Karen Fannin is Assistant Professor and Director of Bands at Hendrix College, where she leads the Wind and Percussion division, conducts the Wind Ensemble, and teaches conducting, low brass, and courses in twentieth-century music and fundamentals of music. In 2008, she founded the Festival of Winds Honor Band for high school musicians held at Hendrix College each May. Dr. Fannin is also Music Director and Conductor of the Little Rock Wind Symphony, an ensemble of professional and semi-professional musicians. Dr. Fannin holds a Doctor of Musical Arts in Conducting and Literature from the University of Colorado, where she studied with Allan McMurray. She received a Master of Music in Conducting from Northwestern University, where she was a student of Mallory Thompson and a Bachelor of Music in Music Education from the University of Northern Iowa, where she studied euphonium with Jeffrey Funderburk. Upon graduation from UNI, Dr. Fannin was awarded the Purple and Old Gold Award for Conspicuous Achievement in Music.

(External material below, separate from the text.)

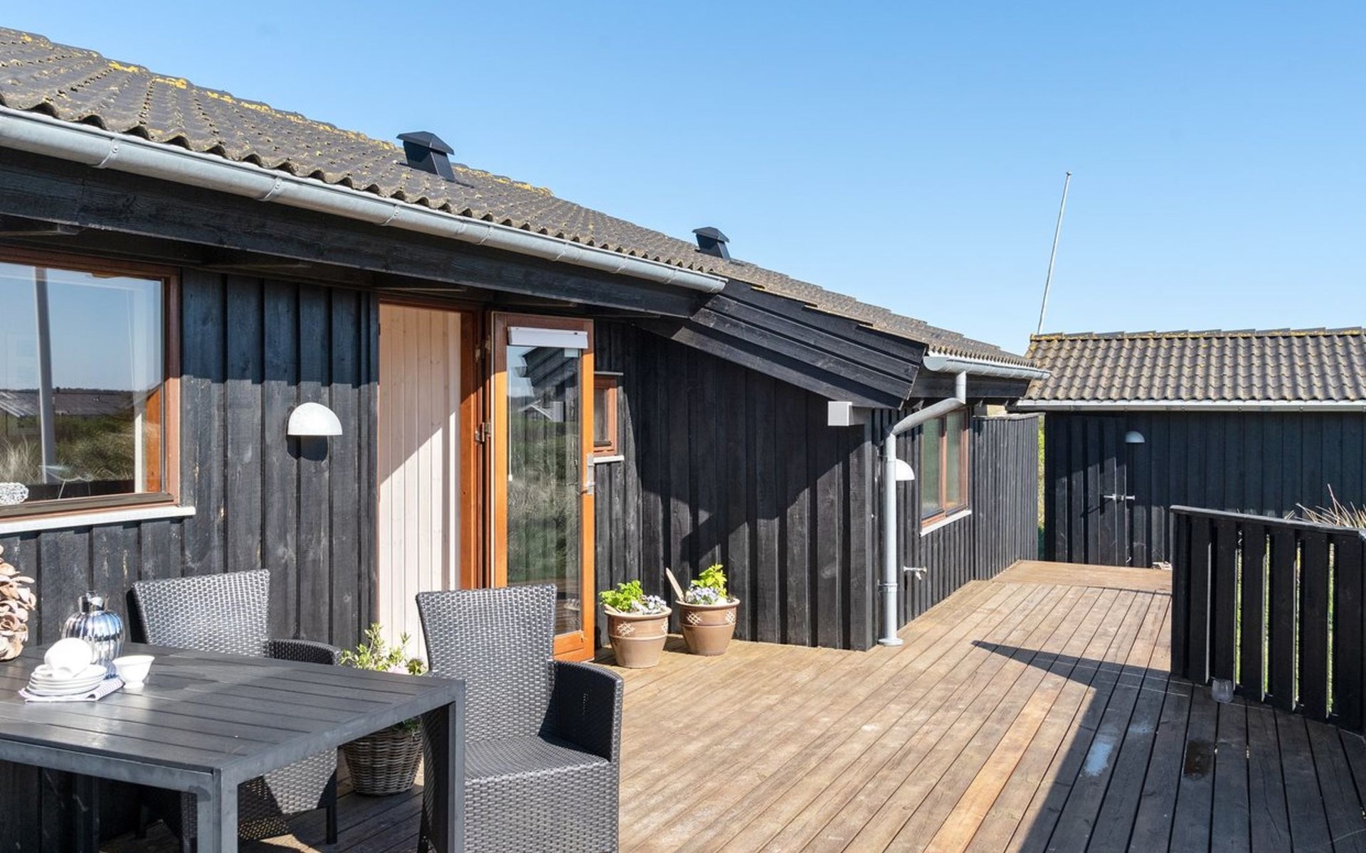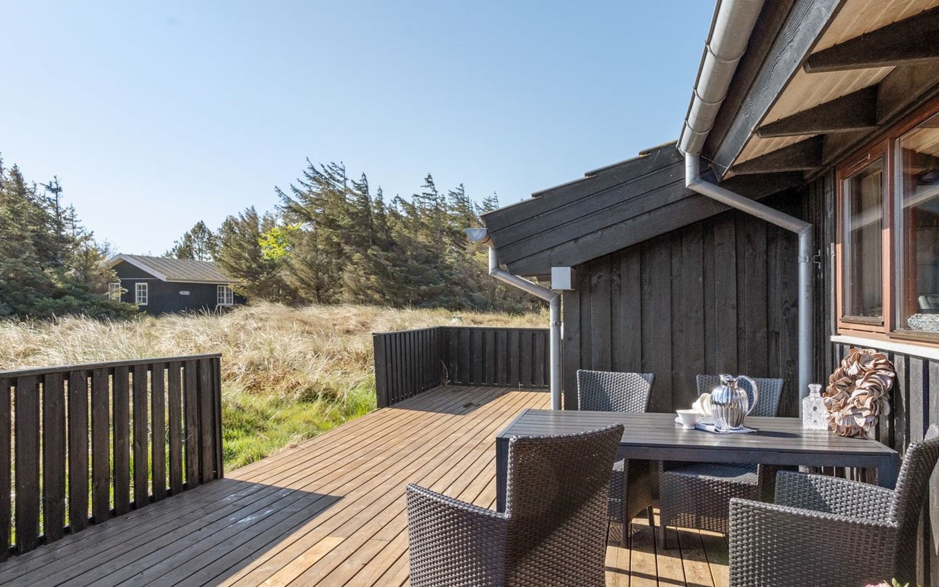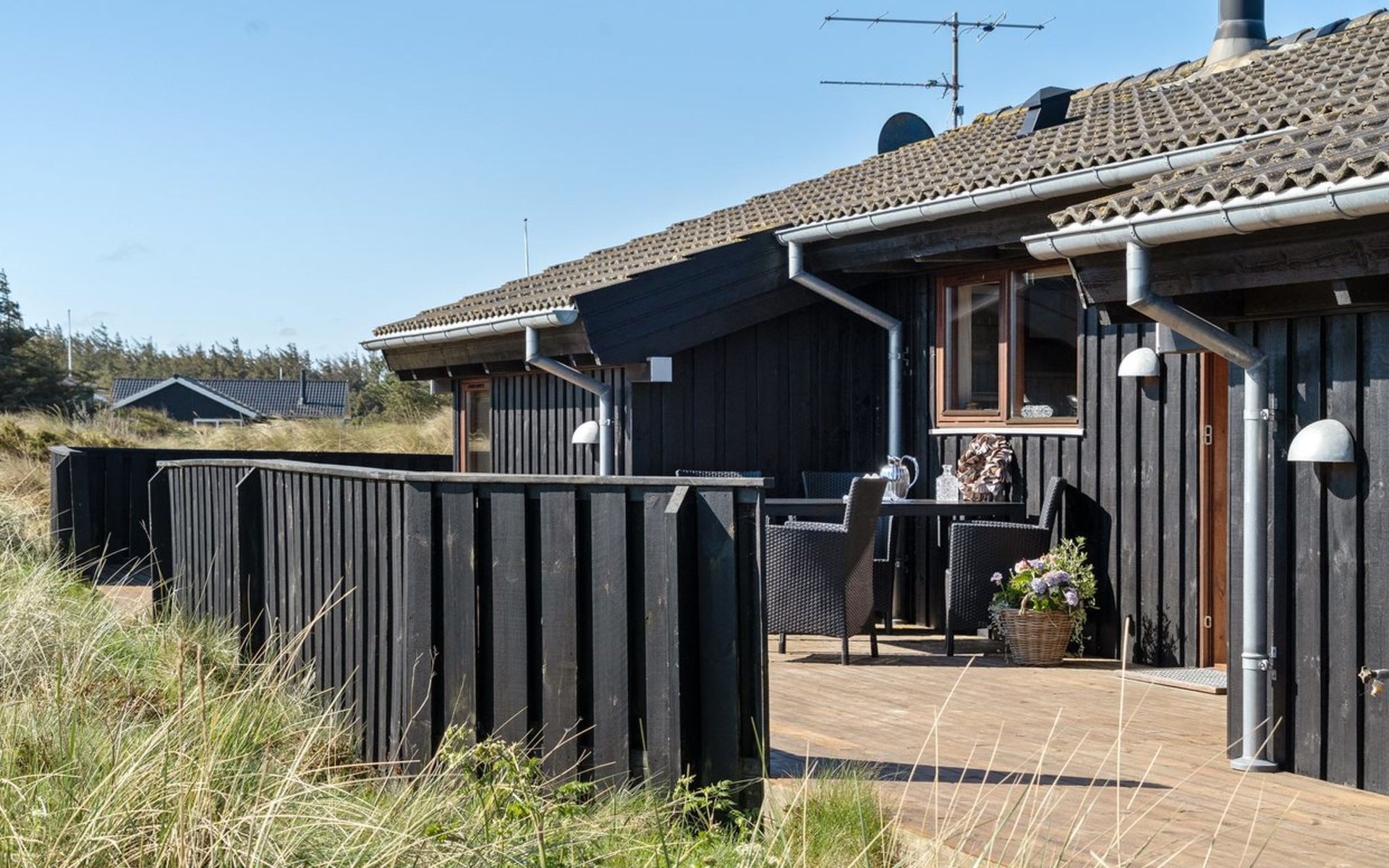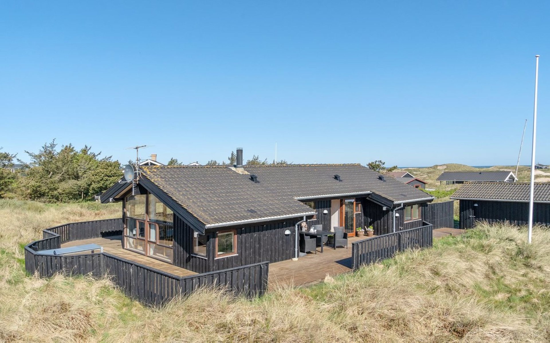 Einfamilienhaus, Baujahr 2004. 375 m vom Meer. Zur Alleinbenutzung: naturbelassenes Grundstück 2'843 m2. Terrasse (80 m2). Im Hause: Sauna, Waschmaschine, Wäschetrockner. Lebensmittelgeschäft 600 m. Der Besitzer akzeptiert keine Jugendgruppen.

Prior to her studied at CU, Dr. Fannin served as Director of Bands at Lockport Township High School in suburban Chicago, where she instituted a composer-in-residence program. A native of Iowa, Dr. Fannin also held the position of Director of Bands in the Lynnville-Sully Community Schools. Dr. Fannin maintains an active schedule as a guest conductor and clinician. Her paper "Tracing the Lineage of Nadia Boulanger through American Wind Repertoire" was selected for presentation at the 2007 National Convention of the College Band Directors National Association (CBDNA) in Ann Arbor, Michigan. She has also been selected to present her research in creating a behind-the-scenes concert at a Creativity Across the Curriculum conference of the National Institute for Technology and Liberal Education (NITLE) in Salem, Oregon in October 2008. Dr. Fannin has presented on topics such as communication in music as well as parallels between the ensemble and business. She will also be a contributing author to the seventh volume of the Teaching Music Through Performance in Band series published by GIA.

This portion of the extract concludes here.